SUARAUTARA.COM, OKU TIMUR – Pembangunan proyek Tembok Penahan Tanah (TPT) di Desa Sabah Lioh, Kecamatan Bunga Mayang, Kabupaten Ogan Komering Ulu Timur, yang bersumber dari anggaran Badan Penanggulangan Bencana Daerah Kabupaten OKU Timur, kini menjadi sorotan masyarakat. Proyek yang disebut-sebut menelan anggaran lebih dari Rp15 miliar itu diduga dikerjakan secara asal-asalan.
Informasi yang beredar di tengah masyarakat serta sejumlah unggahan di media sosial memperlihatkan kondisi pekerjaan di lapangan yang dinilai tidak sesuai dengan standar pembangunan yang seharusnya.
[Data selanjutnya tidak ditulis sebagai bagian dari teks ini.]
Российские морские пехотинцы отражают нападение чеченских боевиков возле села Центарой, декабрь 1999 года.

Susunan batu pada tembok penahan tanah tersebut tampak hanya ditumpuk tanpa pengikatan yang kuat menggunakan semen.
Salah satu warga bahkan menyampaikan keluhannya melalui media sosial Facebook dan meminta pemerintah untuk segera memperhatikan proyek tersebut.
ADVERTISEMENT

SCROLL TO RESUME CONTENT

“Mohon diperhatikan oleh pemerintah, apakah sudah sesuai dengan RAB. Kami masyarakat menilai tidak sesuai RAB, karena batu yang disusun sekitar 1 meter baru ada semen. Apakah kuat? Jadi kami mohon pembangunan ini diperhatikan, apalagi menelan dana lebih dari Rp15 miliar,” tulis salah satu akun warga dalam unggahan tersebut.
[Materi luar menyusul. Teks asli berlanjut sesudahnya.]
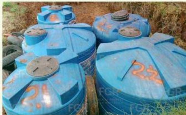
■ En Tepatitlán encontraron contenedores semienterrados.

una carpeta de investigación contra quien o quienes hayan participado en la comisión de delitos previstos en la Ley Federal para Prevenir y Sancionar los Delitos en Materia de Hidrocarburos.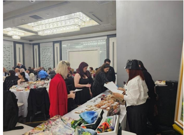
Bazar sale at the event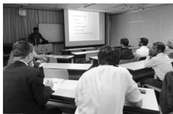
研修の学びを共有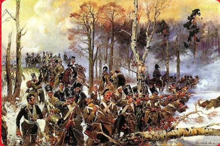
○ POWSTANIE KOŚCIUSZKOWSKIE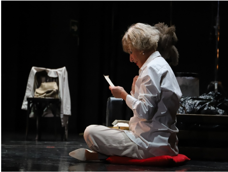
( http://www.aytomoguer.es/export/sites/moguer/es/.galleries/fotos-noticias/2018/01/IMG_1803.jpg )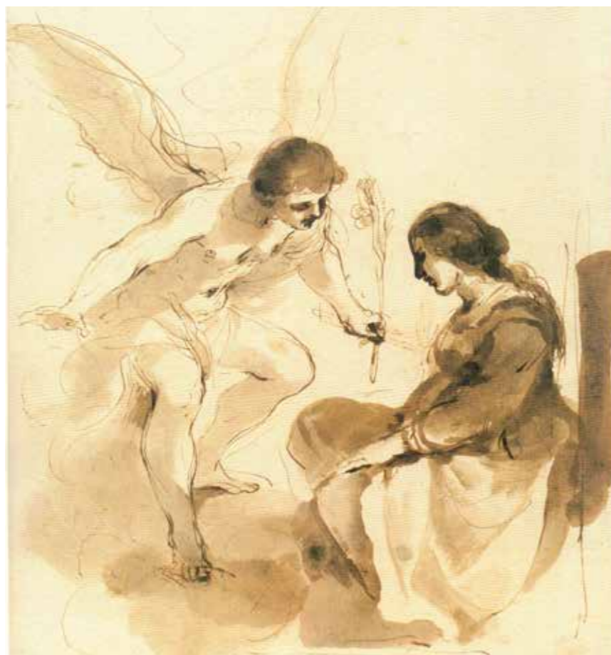
Guercino, Annunciazione, 1616-1618, Windsor Castel, Royal Library

L'angelo le disse: «Non temere, Maria, perché hai trovato grazia presso Dio. Ecco, concepirai un figlio, lo darai alla luce e lo chiamerai Gesù».

Warga khawatir apabila pembangunan tembok penahan tanah tersebut tidak dikerjakan sesuai spesifikasi teknis, maka dikhawatirkan tidak akan bertahan lama dan berpotensi membahayakan lingkungan sekitar, terutama jika terjadi hujan deras atau pergerakan tanah.
Masyarakat pun meminta Aparat Penegak Hukum (APH), baik dari pihak Kejaksaan Negeri Ogan Komering Ulu Timur maupun pihak Kepolisian Negara Republik Indonesia, untuk segera turun tangan melakukan pemeriksaan terhadap proyek tersebut.
Selain itu, warga juga meminta pihak terkait yang bertanggung jawab atas pembangunan proyek ini untuk memberikan penjelasan secara terbuka kepada masyarakat mengenai proses pengerjaan serta penggunaan anggaran yang mencapai miliaran rupiah tersebut.
Masyarakat berharap pembangunan yang menggunakan anggaran besar dari pemerintah dapat dikerjakan secara transparan, sesuai spesifikasi, dan benar-benar memberikan manfaat bagi masyarakat.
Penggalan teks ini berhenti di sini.